The lower cut‐off value identifies the lowest 5% of normally distributed values (P=0.050). If the measured values are lower than this, subjects are asked to repeat once. If the repeated value is above the threshold, then that value is accepted as the daily “Best” for inclusion in the rolling average. If lower again, a clinical event is identified. Lower limit events on two consecutive days can be considered an as a marker of a potential exacerbation requiring further investigation by a healthcare professional (clinical event detection).

Sirichana enrolled 13 COPD patients in this pilot study with a mean (SD) age of 70.4 (7.3) years. Baseline FEV1 was 52.0% predicted (15.5%). The patients were initially monitored using ATS/ERS spirometry criteria, followed by a change to the SPC algorithm criteria. They collected a total of 1,999 days of monitoring including 1,358 days of conventional monitoring using ATS/ERS spirometry criteria and 641 days of monitoring using the SPC algorithm. During the conventional monitoring (ATS) period, patients performed an average of 4.5 (0.5) maneuvers per day (range 3-5) as compared to 1-2 maneuvers per day during the SPC algorithm period. The time required of the patients for performing the spirometry tests was 13:05 (5:23) minutes per day with a 55.1 % adherence during the ATS monitoring period as compared with only 6:37 (2:82) minutes per day but with an 85.6% adherence during the SPC algorithm period.

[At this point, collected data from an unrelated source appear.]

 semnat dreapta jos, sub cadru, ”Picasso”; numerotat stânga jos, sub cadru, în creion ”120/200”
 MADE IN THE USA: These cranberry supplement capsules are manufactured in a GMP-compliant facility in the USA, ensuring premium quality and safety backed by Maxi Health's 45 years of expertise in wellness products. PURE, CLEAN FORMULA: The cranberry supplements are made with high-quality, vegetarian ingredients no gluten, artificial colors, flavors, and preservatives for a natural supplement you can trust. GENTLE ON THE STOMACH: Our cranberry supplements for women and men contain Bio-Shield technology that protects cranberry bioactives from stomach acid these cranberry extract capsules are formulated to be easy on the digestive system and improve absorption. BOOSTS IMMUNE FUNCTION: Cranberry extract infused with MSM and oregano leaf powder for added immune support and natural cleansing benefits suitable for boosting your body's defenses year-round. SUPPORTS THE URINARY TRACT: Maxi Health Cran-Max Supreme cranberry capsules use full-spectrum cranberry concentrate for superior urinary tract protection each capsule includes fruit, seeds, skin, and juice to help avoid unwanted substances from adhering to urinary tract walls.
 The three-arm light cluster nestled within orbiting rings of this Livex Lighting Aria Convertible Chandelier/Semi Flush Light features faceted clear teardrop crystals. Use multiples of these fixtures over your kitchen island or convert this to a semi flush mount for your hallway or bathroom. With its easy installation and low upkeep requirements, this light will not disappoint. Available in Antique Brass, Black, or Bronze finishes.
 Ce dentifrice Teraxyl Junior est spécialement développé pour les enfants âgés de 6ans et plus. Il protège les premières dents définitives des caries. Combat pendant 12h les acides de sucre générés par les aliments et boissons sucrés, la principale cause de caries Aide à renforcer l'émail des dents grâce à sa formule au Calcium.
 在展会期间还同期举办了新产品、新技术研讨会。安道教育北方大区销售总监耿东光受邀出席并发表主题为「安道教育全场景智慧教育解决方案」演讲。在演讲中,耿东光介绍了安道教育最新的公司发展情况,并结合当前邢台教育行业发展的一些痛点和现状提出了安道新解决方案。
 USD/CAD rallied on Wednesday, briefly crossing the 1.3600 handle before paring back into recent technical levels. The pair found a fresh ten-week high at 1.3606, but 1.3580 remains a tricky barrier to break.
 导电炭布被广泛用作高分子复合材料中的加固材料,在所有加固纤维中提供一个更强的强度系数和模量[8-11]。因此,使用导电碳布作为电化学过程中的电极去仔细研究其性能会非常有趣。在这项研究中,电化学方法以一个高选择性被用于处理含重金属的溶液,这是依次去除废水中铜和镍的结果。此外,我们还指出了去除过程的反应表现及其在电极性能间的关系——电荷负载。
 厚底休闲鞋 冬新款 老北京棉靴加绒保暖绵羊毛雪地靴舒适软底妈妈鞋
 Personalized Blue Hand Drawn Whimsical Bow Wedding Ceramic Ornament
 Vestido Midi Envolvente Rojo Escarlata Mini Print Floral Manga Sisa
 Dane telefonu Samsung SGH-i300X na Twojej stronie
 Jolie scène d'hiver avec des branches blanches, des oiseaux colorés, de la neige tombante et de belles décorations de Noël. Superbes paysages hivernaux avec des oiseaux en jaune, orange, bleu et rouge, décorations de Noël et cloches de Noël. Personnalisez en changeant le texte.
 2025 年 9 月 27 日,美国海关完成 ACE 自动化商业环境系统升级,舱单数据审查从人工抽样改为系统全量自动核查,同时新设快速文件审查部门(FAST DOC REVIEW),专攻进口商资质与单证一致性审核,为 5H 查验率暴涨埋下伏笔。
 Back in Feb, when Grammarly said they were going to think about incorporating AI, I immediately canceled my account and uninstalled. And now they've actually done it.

The group mean (SD) for FEV1 from the ATS/ERS maneuver period was 1.00 (0.45) L, which was comparable to that from SPC maneuver period, 0.99 (0.47) L (P = 0.995). They detected 0.16/patient-year exacerbations during ATS/ERS monitoring compared to 1.01/patient-year during SPC monitoring.

In 2017, Taylor incorporated statistical process control into the spirometry monitoring platform of Monitored Therapeutics, Inc. (MTI) as part of the introduction of Avatar-Assisted-Technology to collect hospital laboratory quality spirometry from patients at home ( A review of 30,451 forced spirometry measurements collected by MTI from patients at home with an analysis of the best measurement of each day, demonstrated that 82% met ATS/ERS criteria for start of effort including time to peak flow and back extrapolated volume and 99.5% of the measurements met end-of-test plateau. A secondary analysis was performed of weeks where patients performed at least 3 measurements. There were 2,705 weeks when more than three measurements were performed (30,272 total measurements). In 92% of the weeks, the ATS/ERS 150 mL reproducibility requirements were met for FEV1 and 88% for FVC.


The use of a Statistical Process Control approach for monitoring COPD patients has been shown to significantly shorten the time each day for testing in patients at home, reduce patient fatigue, and increase adherence with testing. For patients undergoing serial measurements, it assures that measurements that don’t meet ATS/ERS quality criteria are not accepted for a single measurement requirement and yet minimizes the number of attempts to assure meaningful data. It should be recommended by the ATS Pulmonary Function steering committee that Statistical Process Control should be the standard for home monitoring of patients with COPD if an effective monitoring program is the intended use of spirometers.